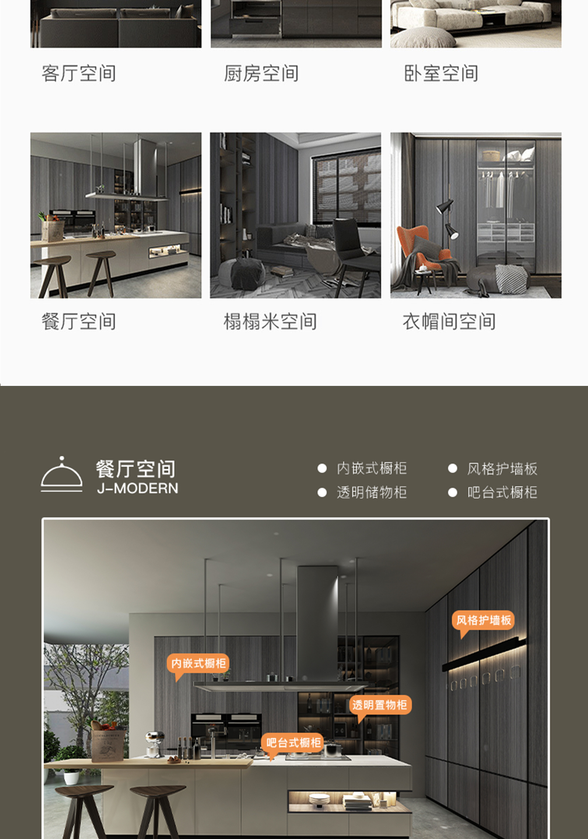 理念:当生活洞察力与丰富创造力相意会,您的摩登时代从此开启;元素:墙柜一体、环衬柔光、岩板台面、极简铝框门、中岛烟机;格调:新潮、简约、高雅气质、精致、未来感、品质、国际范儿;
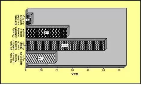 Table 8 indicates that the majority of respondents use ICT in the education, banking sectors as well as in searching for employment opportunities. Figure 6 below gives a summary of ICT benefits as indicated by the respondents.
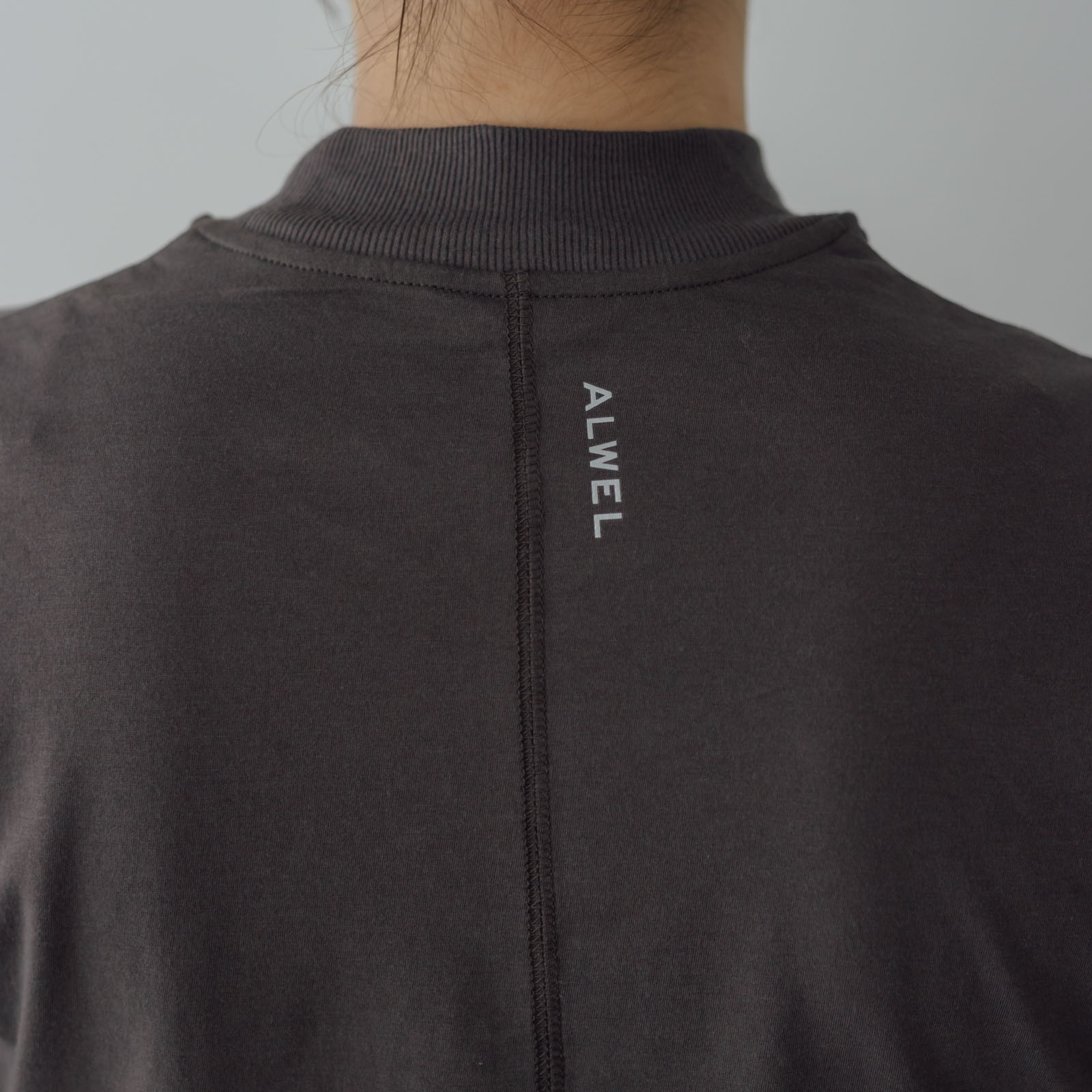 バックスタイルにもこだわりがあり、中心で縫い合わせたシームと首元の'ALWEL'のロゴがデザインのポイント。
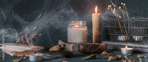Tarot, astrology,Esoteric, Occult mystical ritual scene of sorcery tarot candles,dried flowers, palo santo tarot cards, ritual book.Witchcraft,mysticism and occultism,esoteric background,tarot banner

_Work request_
Please output the listing above in full, exactly as given, without its images.

_Output of the exercise_
 理念:当生活洞察力与丰富创造力相意会,您的摩登时代从此开启;元素:墙柜一体、环衬柔光、岩板台面、极简铝框门、中岛烟机;格调:新潮、简约、高雅气质、精致、未来感、品质、国际范儿;
 Table 8 indicates that the majority of respondents use ICT in the education, banking sectors as well as in searching for employment opportunities. Figure 6 below gives a summary of ICT benefits as indicated by the respondents.
 バックスタイルにもこだわりがあり、中心で縫い合わせたシームと首元の'ALWEL'のロゴがデザインのポイント。
Tarot, astrology,Esoteric, Occult mystical ritual scene of sorcery tarot candles,dried flowers, palo santo tarot cards, ritual book.Witchcraft,mysticism and occultism,esoteric background,tarot banner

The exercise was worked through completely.